Rein in the four horsemen of irreproducibility

Dorothy Bishop:

More than four decades into my scientific career, I find myself an outlier among academics of similar age and seniority: I strongly identify with the movement to make the practice of science more robust. It’s not that my contemporaries are unconcerned about doing science well; it’s just that many of them don’t seem to recognize that there are serious problems with current practices. By contrast, I think that, in two decades, we will look back on the past 60 years — particularly in biomedical science — and marvel at how much time and money has been wasted on flawed research.

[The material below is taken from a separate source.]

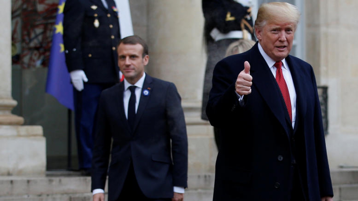 Κατά τη συνάντησή τους για συνομιλίες στο γαλλικό προεδρικό μέγαρο των Ηλυσίων μια ημέρα πριν από τις τελετές για την 100η επέτειο από το τέλος του Πρώτου Παγκοσμίου Πολέμου, ο Μακρόν καλωσόρισε με μια σφιχτή χειραψία τον Τραμπ κάτω από τον βροχερό παρισινό ουρανό. Όμως ο χαιρετισμός τους φάνηκε να είναι λιγότερο εγκάρδιος σε σχέση με την προηγούμενη συνάντησή τους.

How can that be? We know how to formulate and test hypotheses in controlled experiments. We can account for unwanted variation with statistical techniques. We appreciate the need to replicate observations.

Yet many researchers persist in working in a way almost guaranteed not to deliver meaningful results. They ride with what I refer to as the four horsemen of the reproducibility apocalypse: publication bias, low statistical power, P-value hacking and HARKing (hypothesizing after results are known). My generation and the one before us have done little to rein these in.

In 1975, psychologist Anthony Greenwald noted that science is prejudiced against null hypotheses; we even refer to sound work supporting such conclusions as ‘failed experiments’. This prejudice leads to publication bias: researchers are less likely to write up studies that show no effect, and journal editors are less likely to accept them. Consequently, no one can learn from them, and researchers waste time and resources on repeating experiments, redundantly.